The router manufacturers faced a dilemma: It’s hard to maintain a thriving profitable business selling devices that are simple and streamlined. What's more, if a big network of simple devices is easy to manage remotely, all the intelligence (and value) is provided by the network operator, not the router manufacturer. So the external API was kept minimal (“network management” was considered a joke) and the routers were jam-packed with new features to keep all the value inside. By the mid 2000s, routers used by ISPs were so complicated that they supported hundreds of protocols and were based on more than 100 million lines of source code—ironically, more than ten times the complexity of the largest telephone exchange ever built. The Internet paid a hefty price for this complexity: routers were bloated, power hungry, unreliable, hard to secure, and crazy expensive. Worst of all, they were hard to improve (ISPs needed to beg equipment vendors to add new capabilities) and it was impossible for an ISP to add their own new features. Network owners complained of a “stranglehold” by the router vendors, and the research community warned that the Internet was “ossified.”
This book is the story of what happened next, and it’s an exciting one.
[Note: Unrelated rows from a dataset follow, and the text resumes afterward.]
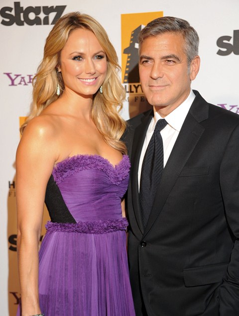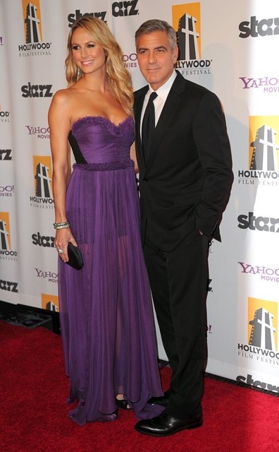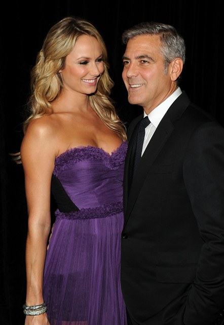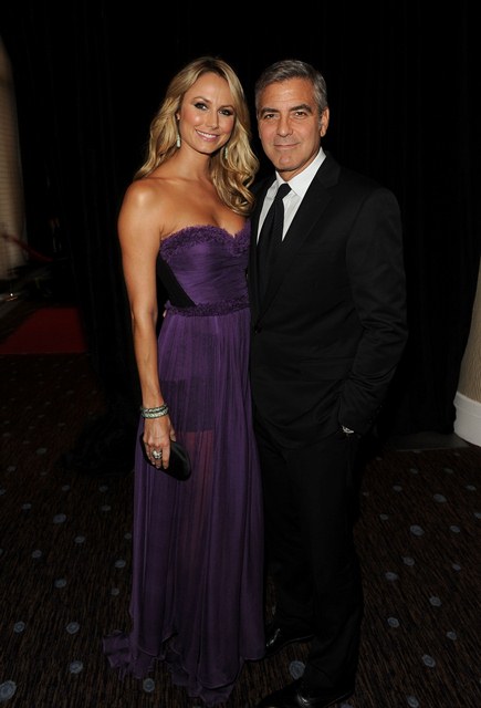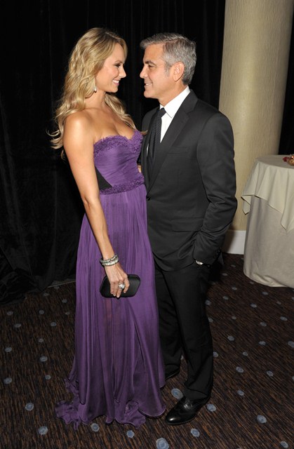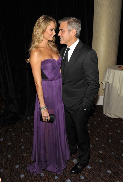 George Clooney is GREAT at this, see? All by himself. And yet... he doesn’t want to be by himself. This season he’s decided he won’t be by himself with Stacy Keibler who, quite obviously, is now expected at every stop on the campaign circuit until they get to the Kodak Theatre in February. Stacy, who was able to show some restraint early on in their arrangement, can’t seem to contain herself anymore on Twitter, tweeting last night she was wearing purple at the Hollywood Film Awards to support her Baltimore Ravens and gushing about meeting Mary Steenburgen and Ted Danson. Would you be invited if not for your boyfriend?
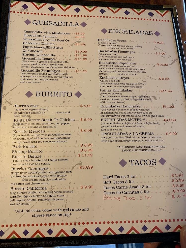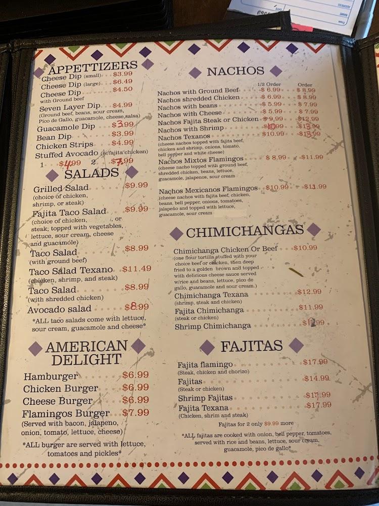El Flamingo offers a broad menu featuring over sixty dishes. Highlights include traditional Mexican specialties like carne asada and enchiladas. Appetizers like cheesy nachos and crispy taquitos set the stage for a great meal.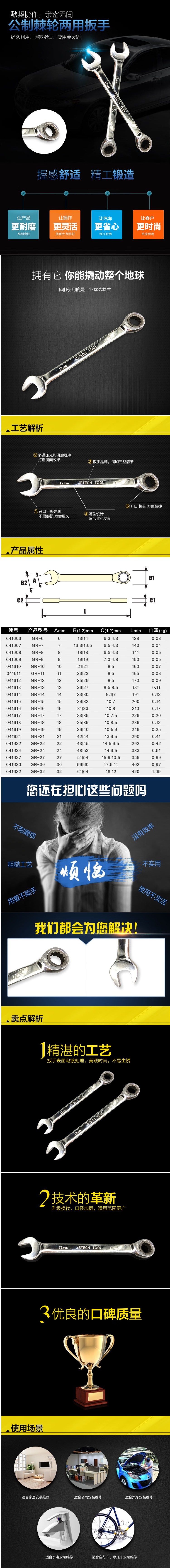 捷科(JETECH) GR-15 棘轮两用扳手 15mm(单位:把)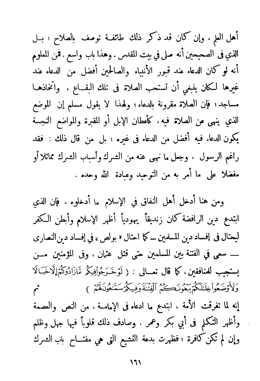 أَهْلِ الْعِلْمِ وَإِنْ كَانَ قَدْ ذَكَرَ ذَلِكَ طَائِفَةٌ تُوصَفُ بِالصَّلَاحِ؛ بَلْ الَّذِي فِي الصَّحِيحَيْنِ {أَنَّهُ صَلَّى فِي بَيْتِ الْمَقْدِسِ} . وَهَذَا بَابٌ وَاسِعٌ. فَمِنْ الْمَعْلُومِ أَنَّهُ لَوْ كَانَ الدُّعَاءُ عِنْدَ قُبُورِ الْأَنْبِيَاءِ وَالصَّالِحِينَ أَفْضَلَ مِنْ الدُّعَاءِ عِنْدَ غَيْرِهَا لَكَانَ يَنْبَغِي أَنْ تُسْتَحَبَّ الصَّلَاةُ فِي تِلْكَ الْبِقَاعِ وَاِتِّخَاذُهَا مَسَاجِدَ؛ فَإِنَّ الصَّلَاةَ مَقْرُونَةٌ بِالدُّعَاءِ؛ وَلِهَذَا لَا يَقُولُ مُسْلِمٌ إنَّ الْمَوْضِعَ الَّذِي يُنْهَى عَنْ الصَّلَاةِ فِيهِ كَأَعْطَانِ الْإِبِلِ أَوْ الْمَقْبَرَةِ وَالْمَوَاضِعِ النَّجِسَةِ يَكُونُ الدُّعَاءُ فِيهِ أَفْضَلَ مِنْ الدُّعَاءِ فِي غَيْرِهِ؛ بَلْ مَنْ قَالَ ذَلِكَ: فَقَدْ رَاغَمَ الرَّسُولَ وَجَعَلَ مَا نَهَى عَنْهُ مِنْ الشِّرْكِ وَأَسْبَابِ الشِّرْكِ مُمَاثِلًا أَوْ مُفَضَّلًا عَلَى مَا أَمَرَ بِهِ مِنْ التَّوْحِيدِ وَعِبَادَةِ اللَّهِ وَحْدَهُ. وَمِنْ هُنَا أَدْخَلَ أَهْلُ النِّفَاقِ فِي الْإِسْلَامِ مَا أَدْخَلُوهُ فَإِنَّ الَّذِي ابْتَدَعَ دِينَ الرَّافِضَةِ كَانَ زِنْدِيقًا يَهُودِيًّا أَظْهَرَ الْإِسْلَامَ وَأَبْطَنَ الْكُفْرَ لِيَحْتَالَ فِي إفْسَادِ دِينِ الْمُسْلِمِينَ - كَمَا احْتَالَ بُولِصَ " فِي إفْسَادِ دِينِ النَّصَارَى - سَعَى فِي الْفِتْنَةِ بَيْنَ الْمُسْلِمِينَ حَتَّى قُتِلَ عُثْمَانُ وَفِي الْمُؤْمِنِينَ مَنْ يَسْتَجِيبُ لِلْمُنَافِقِينَ كَمَا قَالَ تَعَالَى: {لَوْ خَرَجُوا فِيكُمْ مَا زَادُوكُمْ إلَّا خَبَالًا وَلَأَوْضَعُوا خِلَالَكُمْ يَبْغُونَكُمُ الْفِتْنَةَ وَفِيكُمْ سَمَّاعُونَ لَهُمْ} ثُمَّ إنَّهُ لَمَّا تَفَرَّقَتْ الْأُمَّةُ ابْتَدَعَ مَا ادَّعَاهُ فِي الْإِمَامَةِ مِنْ النَّصِّ وَالْعِصْمَةِ وَأَظْهَرَ التَّكَلُّمَ فِي أَبِي بَكْرٍ وَعُمَرَ. وَصَادَفَ ذَلِكَ قُلُوبًا فِيهَا جَهْلٌ وَظُلْمٌ وَإِنْ لَمْ تَكُنْ كَافِرَةً؛ فَظَهَرَتْ بِدْعَةُ التَّشَيُّعِ الَّتِي هِيَ مِفْتَاحُ بَابِ الشِّرْكِ
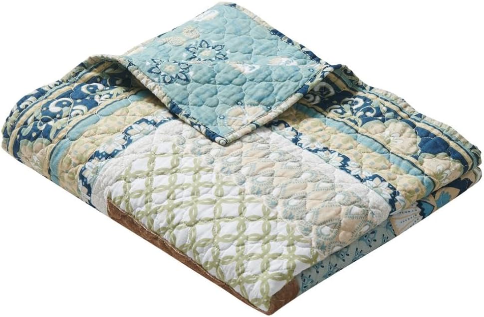 Greenland Home Thalia Velvet-Embellished Quilted Cotton Throw Blanket, 50 W x 60 L inches, Blue

Larry, Carmelo, Brian, Thomas and Bruce capture clearly, through concrete examples and open-source code: How those who own and operate big networks started to write their own code and build their own switches and routers. Some chose to replace routers with homegrown devices that were simpler and easier to maintain; others chose to move the software off the router to a remote, centralized control plane. Whichever path they chose, open-source became a bigger and bigger part. Once open-source had proved itself in Linux, Apache, Mozilla and Kubernetes, it was ready to be trusted to run our networks too.
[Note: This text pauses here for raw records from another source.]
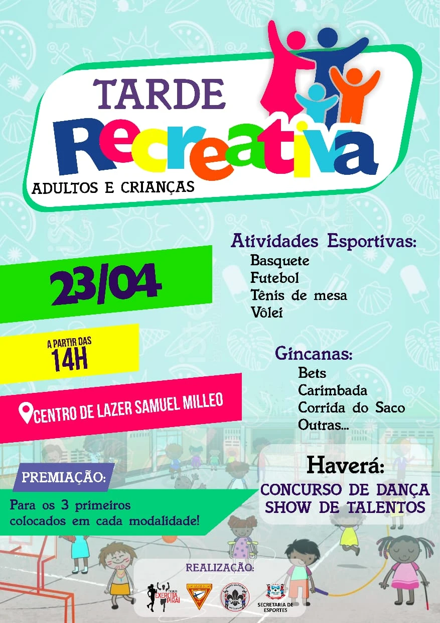 De acordo com a organização, a tarde contará com atividades esportivas nas modalidades de Vôlei, Tênis de Mesa, Basquete e Futebol, além de gincanas que preveem a realização de competições de Bets, Carimbada, Corrida do Saco e Concurso de Dança por Equipes, dentre outras.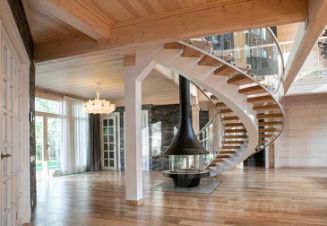 — 1 этаж: прихожая с гардеробными, кухня с кладовой, столовая, гостиная со вторым светом, 2 спальни, санузел, каминная, котельная, терраса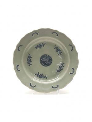 Porcelaine à fond céladon et décor bleu, XIXe s, 23 cm. Provenan...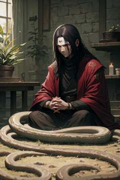 ,candle, 1boy, snake, black hair, robe, long hair, male focus, indoors, plant, solo, own hands together, red eyes, black robe, closed mouth, sitting, praying
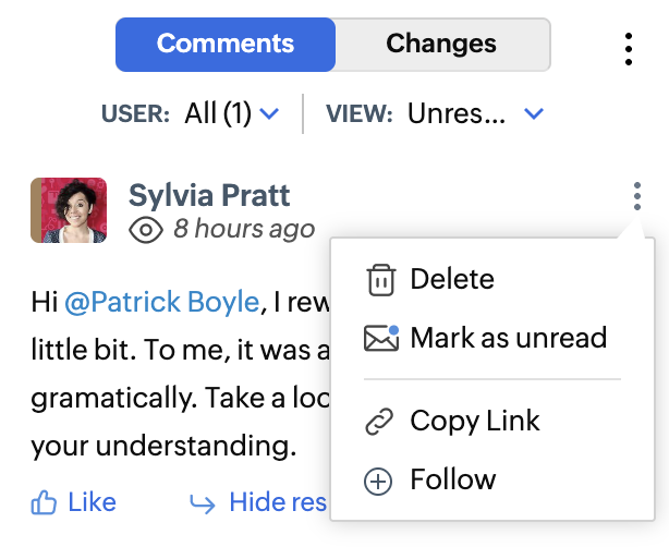 - To delete the comment, click the three dot icon > Delete.

This book explains why the SDN movement happened. It was essentially about a change in control: the owners and operators of big networks took control of how their networks work, grabbing the keys to innovation from the equipment vendors. It started with data center companies because they couldn’t build big-enough scale-out networks using off-the-shelf networking equipment. So they bought switching chips and wrote the software themselves. Yes, it saved them money (often reducing the cost by a factor of five or more), but it was control they were after. They employed armies of software engineers to ignite a Cambrian explosion of new ideas in networking, making their networks more reliable, quicker to fix, and with better control over their traffic. Today, in 2021, all of the large data center companies build their own networking equipment: they download and modify open-source control software, or they write or commission software to control their networks. They have taken control. The ISPs and 5G operators are next. Within a decade, expect enterprise and campus networks to run on open-source control software, managed from the cloud. This is a good change, because only those who own and operate networks at scale know how to do it best.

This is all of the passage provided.